The Dnme practiced both Levirate and first-cousin marriage. Among the Kapanci, according to the genealogy extending to the eighteenth century provided by the descendant of Yusuf Kapanci, this practice goes at least as far back as Ibrahim Kapanci (b. 1820). With his first wife, Hasibe, Ibrahim had two daughters and two sons, Ahmet and Mehmet. With his second wife, Fatma, he had three daughters and a son, Yusuf. Ahmet, Mehmet, and Yusuf are discussed at length in this book. Yusuf Kapanci (1858-1910) also had two wives. With his first wife, Aisha, he had three children, including Ibrahim, discussed here. With his second wife, Emine, he had five additional children, including Osman (1880-1932). Osman is also discussed at length in this book. The year Yusuf died, Osman was widowed when his wife Sabite died in labor. Three years later, in 1913, Ibrahim, who served as a journalist and correspondent of Austrian newspapers, was accidentally killed the same day King George I of Greece was assassinated in Salonika. Osman then married his brother Ibrahim's wife Aisha (1881-1960), his first cousin, since she was the daughter of Mehmet. They lived in a wooden house next to the Church of the Ascension (Ekklisia Analipseos) opposite Mehmet's seaside mansion. Osman's first daughter, Nevber, became Yusuf's cousin and stepsister, because Yusuf's mother Aisha married her father. Osman and Aisha then had a daughter, whom they named Wonder (Harika). Osman followed in his father's and grandfather's footsteps.
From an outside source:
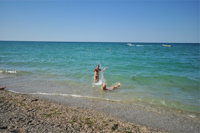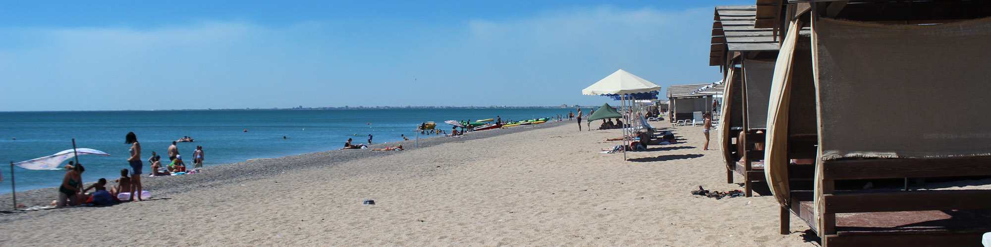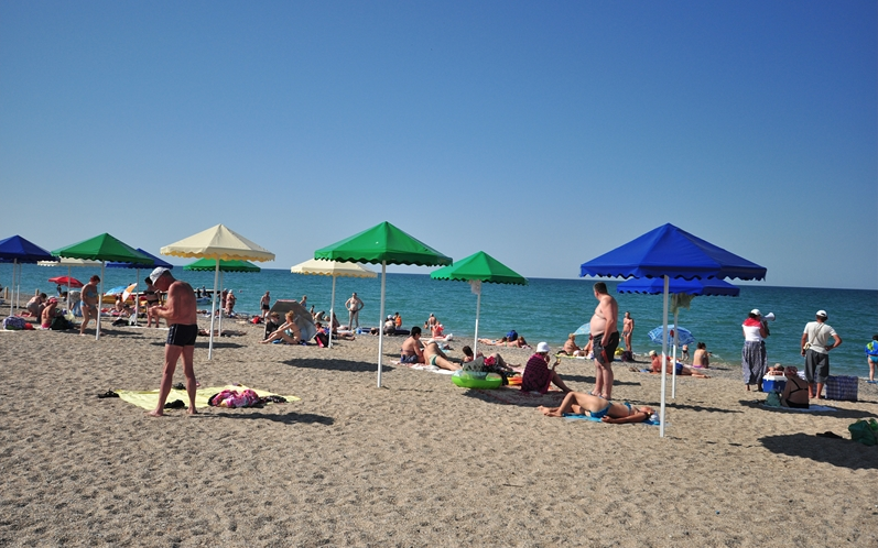 Отличается Прибрежное и своей природной составляющей. Курорт располагается в степной местности, прямо на морском побережье. Многие отдыхающие очень любят Чёрное море, но по разным причинам предпочитают песчаный берег галечному. Здесь Вас ожидают прекрасные песчаные пляжи, протянувшиеся на много километров вдоль линии моря. Они являются одним из главных преимуществ посёлка, благодаря которому его и выбирают местом для отдыха. Спуск к воде очень пологий, а дно понижается постепенно, поэтому здесь очень удобно и безопасно купаться даже с маленькими детьми. Кроме того, на берегу находятся многочисленные развлечения и аттракционы. Это и водные шары, горки, катамараны, «бананы» и многое другое. Сами пляжи всегда очень чистые, их регулярно убирают и тщательно следят за чистотой. Есть как обычные пустынные участки побережья, так и оборудованные зонтами, навесами от солнца, урнами и прочим. Можно взять напрокат шезлонг или другие пляжные принадлежности.

A descendant of the Kapanci Osman Ehat provided me with a family genealogy. The family traces its origins to Sarrafzade [Son of the Money Changer] Halil Efendi, who was born in Salonika between 1835 and 1840 and passed away there by 1899. His son Sarrafzade Osman Ehat was a merchant and money changer. Mustafa Fazil and Sarrafzade Osman Ehat came from different branches of a larger family. Osman Ehat's son Sarrafzade Ahmet Tevfik Ehat, a tobacco merchant, married Nasibe Emine Fazil, the daughter of Mustafa Fazil. Sarrafzade Ahmet Tevfik Ehat's brother, Sarrafzade Kudret Ehat married Acile Akif, daughter of the important tobacco merchant Duhani Hasan Akif. The Akifs also formed another branch of the same Sarrafzade family. Another branch of the family, named Ata, was well known for its role in textile production and distribution. Mustafa Fazil's youngest daughter, Nefise Mukbile Fazil, married Ahmet Feyzi Ata in Istanbul in 1919.